My hill is to remember. To celebrate. To learn more. To share.
That's what the genealogy work has become for me, tracing Tobias Hagenbucher's path from Sulzfeld, Baden to a Chicago dairy route, following William and Sophie Smith out of Württemberg, and piecing together how Luke May's great-grandson ended up wounded in Georgia three generations and three wars later. It's not for an audience. Most of what I write reaches a small blog in 2026 that not many people will ever read. But they didn't fight for an audience either. They didn't know they'd be remembered. Doing the quiet, mostly unseen work of making sure they aren't forgotten is its own kind of standing at the top of a hill nobody else is watching you take.

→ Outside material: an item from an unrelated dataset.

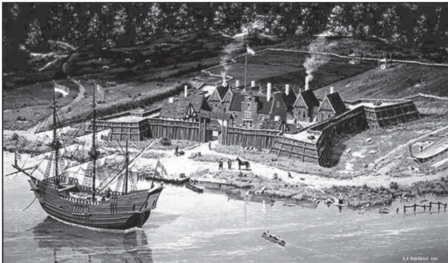
Fuente: Painted by L.F. Tantillo, "Fort Orange," www.lftantillo.com

Algunos poblados comenzaron cerca de los primeros fuertes, los cuales estaban localizados cerca de ríos o lagos. Existían pocos caminos para el uso de los colonos, así que el transporte por el agua hacía más fáciles los viajes. Los ríos y lagos eran también una excelente fuente de alimentos y agua dulce.
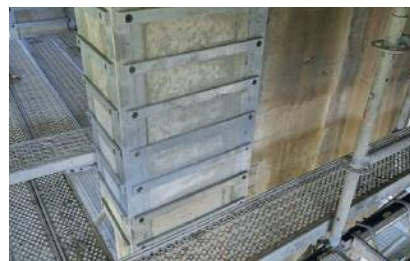
Rafforzamento dei pilastri portanti

The lament still comes around. It'll come around again next Fourth of July, and the one after that. But I don't think it comes to punish me anymore. I think it comes to walk me around my own life once a year and make sure I'm still paying attention to what it cost to get here. Full circle, not a spiral. A reminder of them, and an honest look at what I've done with what they gave me.
Maybe that's the whole answer. Not a beach. Not a field in Georgia. Just a life lived on purpose, remembered out loud, and passed on.